Return nothing but the lines from the one with "وقام المحافظ بمنح" through the one with "ここは遊園と隅田川の間にある" in the data below, word for word and without pictures.

• Records for the exercise
--- START ---

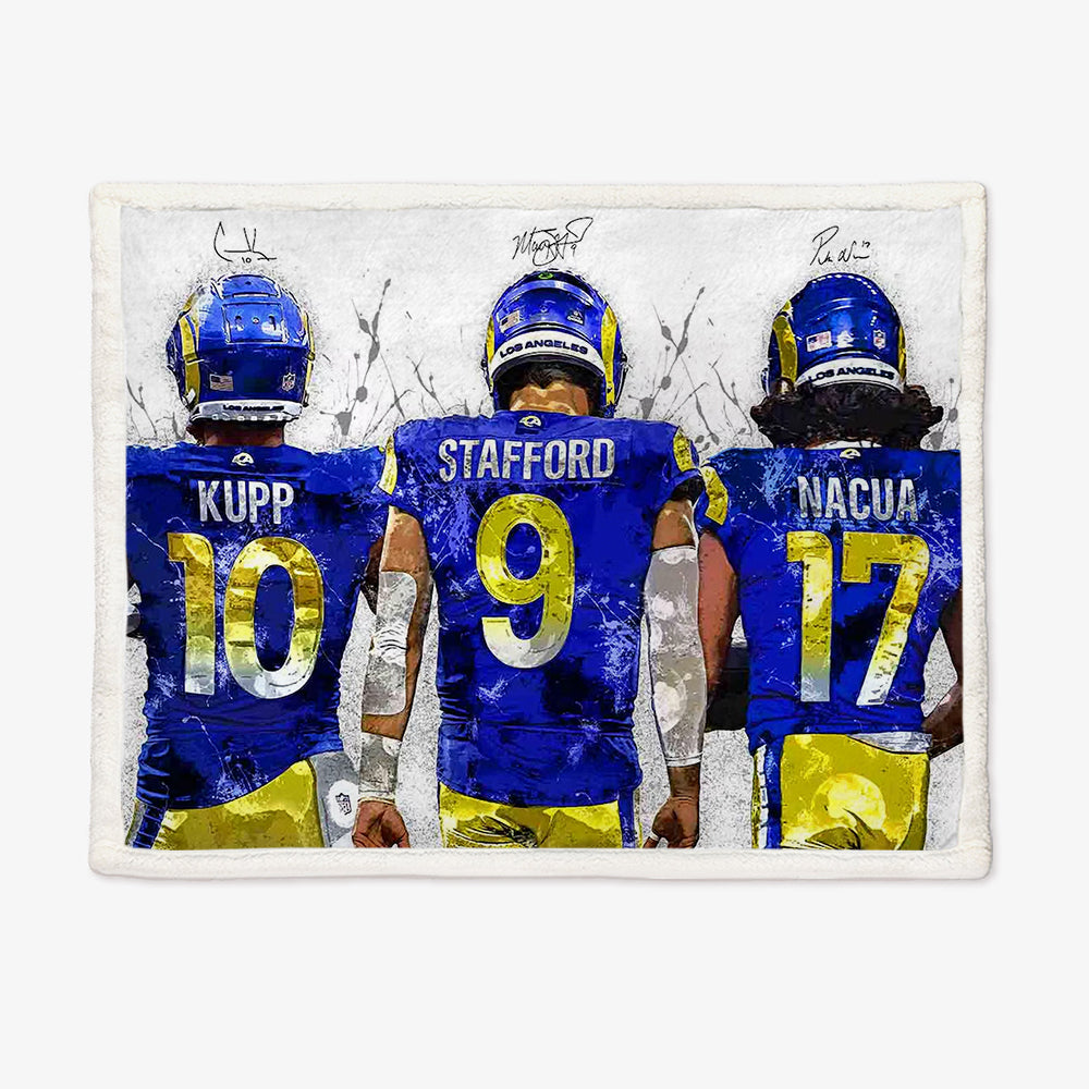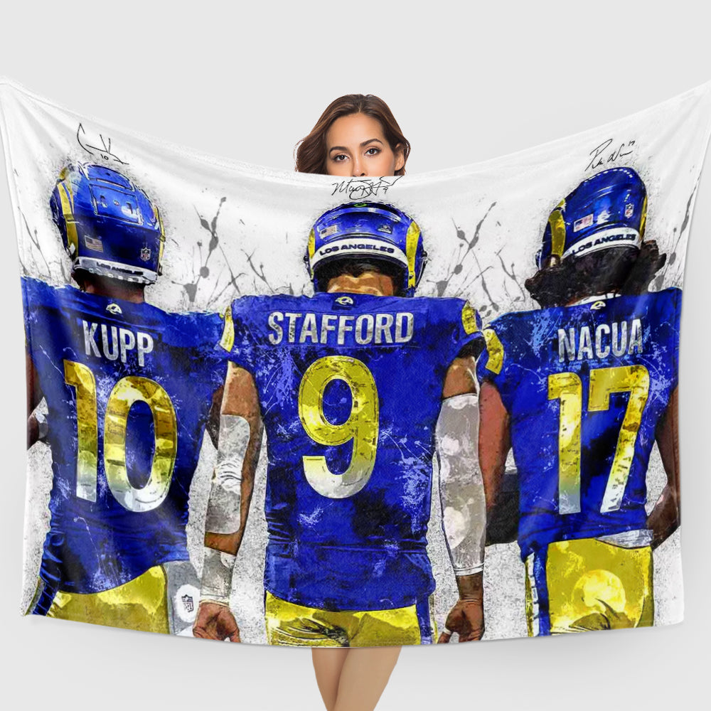 Football Blanket Matthew Stafford, Puka Nacua, Cooper Kupp, Los Angeles Rams Legendary Star Signature Print Valentine's Day Gift for Boyfriend Football Fans
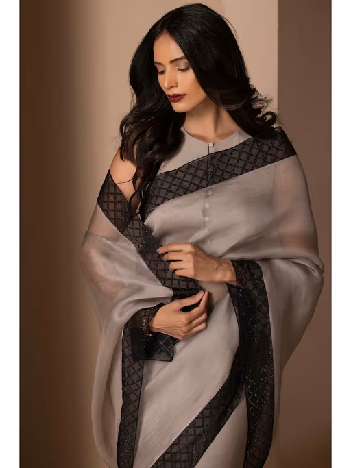 An Organza Saree Embellished with Rhinestones Detailing Along The Border and Paired with A Front Opening Blouse. Fabric : Organza (Saree and Blouse)Colour - Taupe
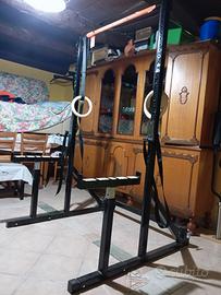 Dotato di pin di sicurezza regolabili e sbarra per trazioni.
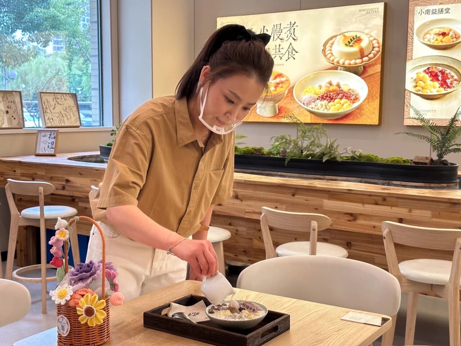 正式开业一周,销量最高的明星产品是“大满贯”,已售出621份。赤小豆、去皮绿豆、桃胶、莲子、薏米、芋圆、奶冻……满满一碗再淋上鲜奶,本身就自带清甜滋味的食材规避了过度摄入糖分的风险,成了兼备“润”“养”的健康享受。
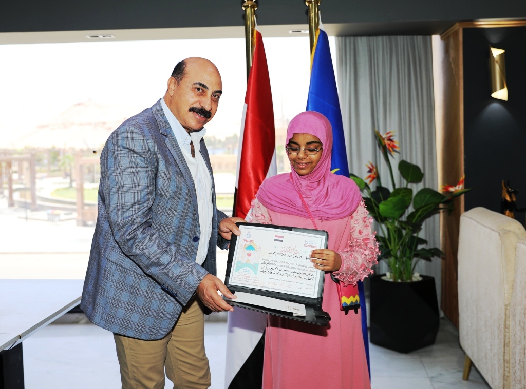 وقام المحافظ بمنح الطالبة هاجر شهادة تقدير وميدالية التميز، وأيضًا مكافأة مالية قدرها 10 آلاف جنيه تقديرًا لتفوقها الدراسى، وتحفيزًا لاستكمال تفوقها فى مرحلة التعليم الجامعى، مشيدًا بهذا التفوق والتميز الذي حققته هاجر لتكون نموذجا مشرفا يحتذى به، ونفتخر ونعتز به، وهو الذي يدفعنا للوقوف بجانبها وتقديم كافة التسهيلات والتيسيرات لها لتحقيق المزيد من النجاح والتفوق.
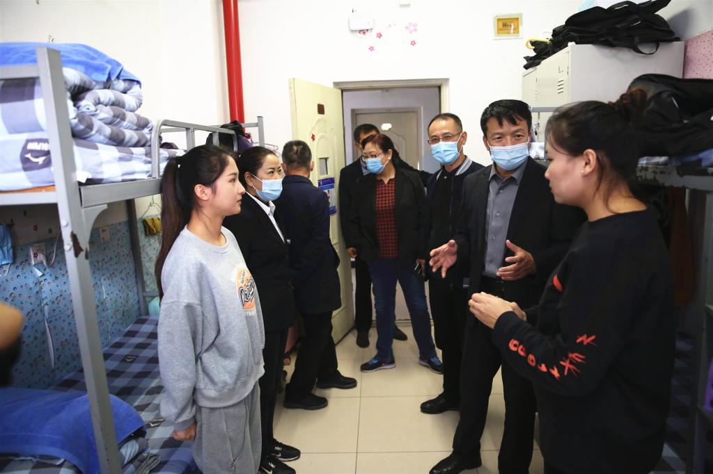 在學生宿舍,校領導與正在準備就餐的學生進行了交流,叮囑同學們嚴格遵守疫情防控期間學校的各項管理規定,做好個人防護,保持良好宿舍衛生,在生活和學習上遇到困難時可以告知學校老師,學校會盡最大努力提供幫助,提醒同學們在疫情防控期間養成良好的生活習慣和積極的心理狀態。
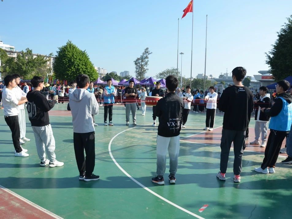 2021级硕士研究生代文昊(右一)获得男子实心球第三名
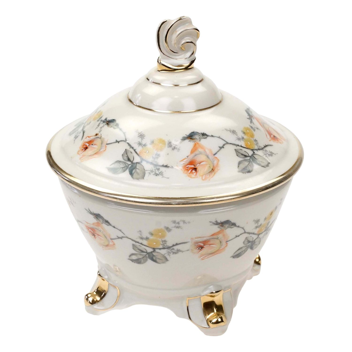 Piękna, ręcznie dekorowana, pękata bomboniera na złoconych nóżkach.
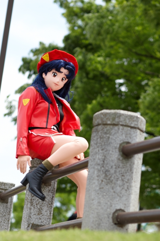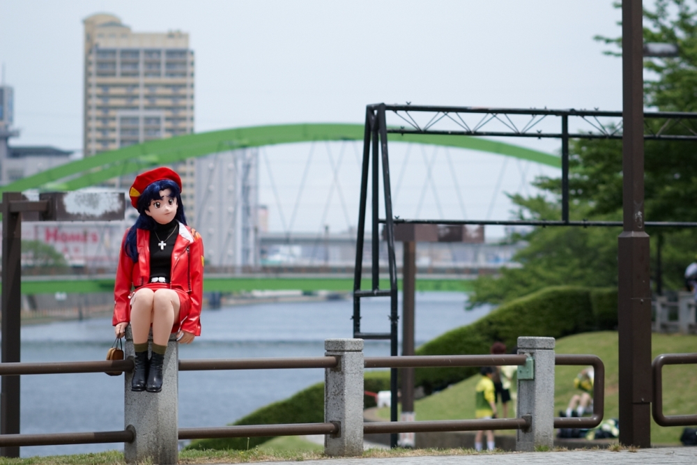 ここは遊園と隅田川の間にある遊歩道なんですが、遊園地内というわけじゃないようですね。一般の方が・・・まぁこの写真のように乳母車が通ったり、あるいは自転車が行き来してたりします。自転車に乗ったお父さんが立ち止まっては引き返しミサトの脇を通り過ぎ、また立ち止まって振り返ってきては戻り・・・としておられましたが。「あ、パチンコの人だ・・・・」と思ってたんでしょうかねぇ、長らくミサトの様子を伺っていまして。でも近寄れないみたいなんですよね(笑)。近くに寄ってきていただければ握手くらい出来るのに。
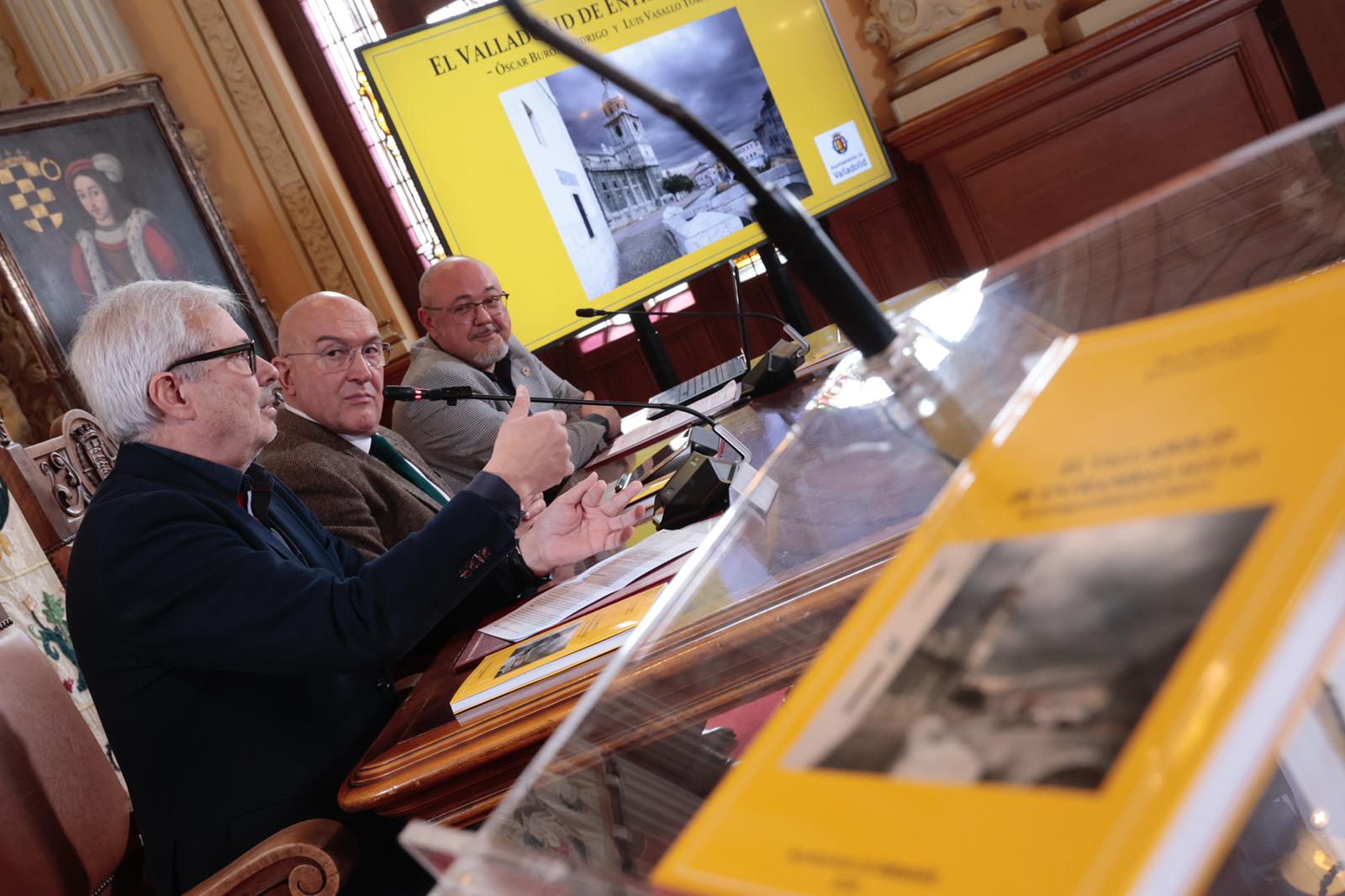 El alcalde de Valladolid, Jesús Julio Carnero, acompañado de los investigadores Óscar Burón Rodrigo y Luis Vasallo Toranzo; y el catedrático de la Universidad de Valladolid Jesús Urrea Fernández, ha participado esta mañana en el acto de presentación de ‘El Valladolid de Entrambas Aguas’, nueva publicación que se integra en la Colección de Publicaciones Municipales con el número 53.
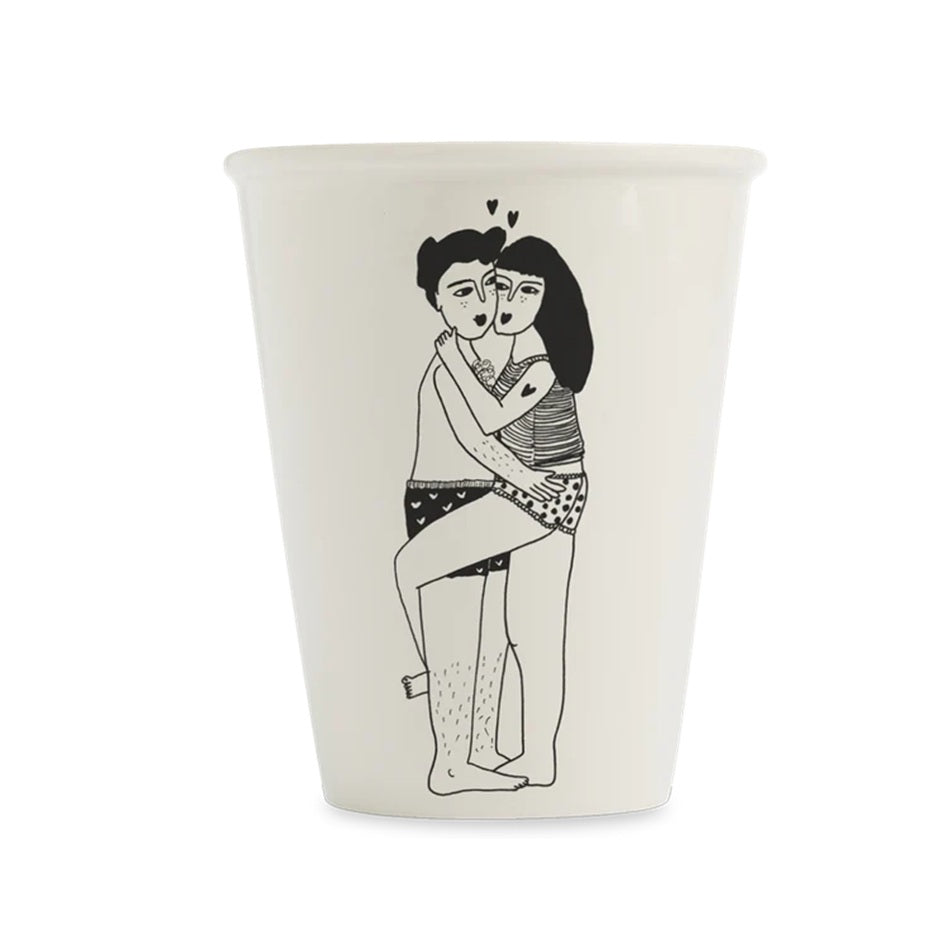 Helen B mok / beker Morning Love zwarte illustratie tekening gemaakt van wit porselein. De Helen B mok heeft een... Lees meer

--- END ---

• Solution to this problem
 وقام المحافظ بمنح الطالبة هاجر شهادة تقدير وميدالية التميز، وأيضًا مكافأة مالية قدرها 10 آلاف جنيه تقديرًا لتفوقها الدراسى، وتحفيزًا لاستكمال تفوقها فى مرحلة التعليم الجامعى، مشيدًا بهذا التفوق والتميز الذي حققته هاجر لتكون نموذجا مشرفا يحتذى به، ونفتخر ونعتز به، وهو الذي يدفعنا للوقوف بجانبها وتقديم كافة التسهيلات والتيسيرات لها لتحقيق المزيد من النجاح والتفوق.
 在學生宿舍,校領導與正在準備就餐的學生進行了交流,叮囑同學們嚴格遵守疫情防控期間學校的各項管理規定,做好個人防護,保持良好宿舍衛生,在生活和學習上遇到困難時可以告知學校老師,學校會盡最大努力提供幫助,提醒同學們在疫情防控期間養成良好的生活習慣和積極的心理狀態。
 2021级硕士研究生代文昊(右一)获得男子实心球第三名
 Piękna, ręcznie dekorowana, pękata bomboniera na złoconych nóżkach.
 ここは遊園と隅田川の間にある遊歩道なんですが、遊園地内というわけじゃないようですね。一般の方が・・・まぁこの写真のように乳母車が通ったり、あるいは自転車が行き来してたりします。自転車に乗ったお父さんが立ち止まっては引き返しミサトの脇を通り過ぎ、また立ち止まって振り返ってきては戻り・・・としておられましたが。「あ、パチンコの人だ・・・・」と思ってたんでしょうかねぇ、長らくミサトの様子を伺っていまして。でも近寄れないみたいなんですよね(笑)。近くに寄ってきていただければ握手くらい出来るのに。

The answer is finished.